Eval-driven development workflow

  1. User reports issue → add failing test case to eval suite
  2. Fix the prompt/pipeline → run eval suite
  3. Verify fix passes AND no regressions on other cases
  4. Deploy only if eval passes threshold
  5. Monitor production metrics vs eval predictions

This is TDD for AI systems. The eval suite grows with every bug report, building cumulative regression protection.

Real-world eval tools

  • OpenAI Evals - open-source framework for custom eval suites
  • Braintrust - production eval platform with scoring, comparison, and CI integration
  • Promptfoo - CLI tool for testing prompts across models and configurations
  • DeepEval - Python framework with built-in metrics (hallucination, toxicity, relevance)
  • Ragas - specifically for RAG evaluation (faithfulness, context relevance, answer relevance)

How to apply in practice

Start with 50 test cases covering your top failure modes. Expand to 200+ over time by adding every production bug as a test case.

Run evals on every prompt change. Treat prompt modifications like code changes - they need automated testing before deploy.

Set regression thresholds. “Deploy if overall accuracy > 85% AND no category drops > 5% from baseline.” Concrete, enforceable gates.

Separate eval environments. Use deterministic settings (temperature 0, fixed seed) for reproducible eval results, even if production uses higher temperature.

FAQ

Q: How do I eval when there is no single “correct” answer?

Use rubric-based scoring: define 3-5 criteria that a good answer must satisfy (factually grounded, appropriate tone, addresses the question, cites sources). Score each criterion independently. An answer can score well without matching a specific expected output word-for-word.
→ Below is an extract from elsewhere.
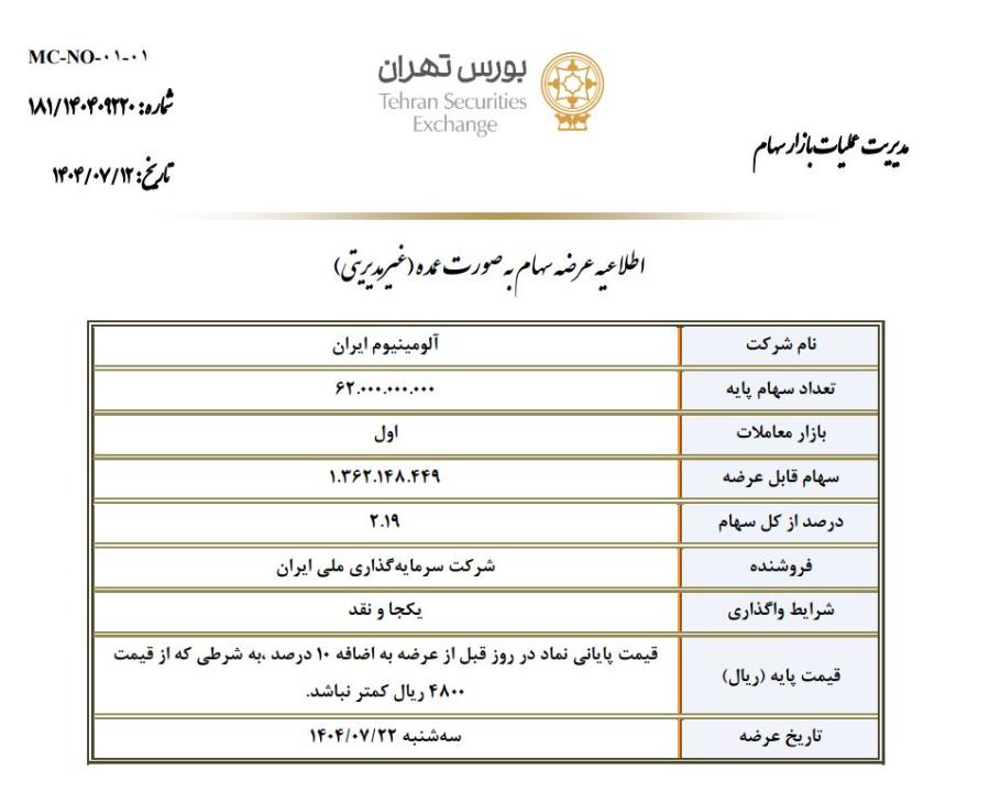 شرکت کارگزاری سرمایه گذاری ملی ایران طی نامه ای که روز 9 مهر به سازمان بورس داده اعلام کرده مقدار یک میلیارد و 362 میلیون و 148 هزار و 449 سهم معادل 2.19 درصد سهام غیرمدیریتی شرکت آلومینیوم ایران در قیمت پایه قيمت پايانی نماد در روز قبل از عرضه به اضافه 10 درصد ، به شرطی که از قيمت 4800 ريال کمتر نباشد. در روز 22 مهر 1404 به نمایندگی از شرکت سرمایه گذاری ملی ایران عرضه خواهد شد.بصورت نقد! قیمت فعلی سهم در روز 14 مهر 4361 ریال میباشد.

Q: My evals pass but users are still unhappy. What is wrong?

Your eval cases do not represent real user traffic. Fix: sample 100 real production queries (anonymized), add them to your eval suite, and verify scores correlate with user satisfaction signals. If they diverge, your scoring criteria need updating.

Interview questions

Q: Design the evaluation strategy for a medical Q&A system that answers patient questions about medications. What metrics matter and how do you score them?

Critical metrics: (1) Factual accuracy - scored against verified medical references (must be 98%+). (2) Appropriate disclaimers - every response must include “consult your doctor” when discussing dosage or interactions (binary check). (3) Harm avoidance - must never recommend stopping medication without medical guidance (adversarial test cases). (4) Completeness - addresses all parts of the question. (5) Readability - appropriate for patient audience (no unexplained jargon). Scoring: combine automated checks (disclaimer presence, readability score) with LLM-judge for medical accuracy (using a medical-specialized judge model or validated against reference answers). Red-line threshold: any factual medical error blocks deployment regardless of other scores.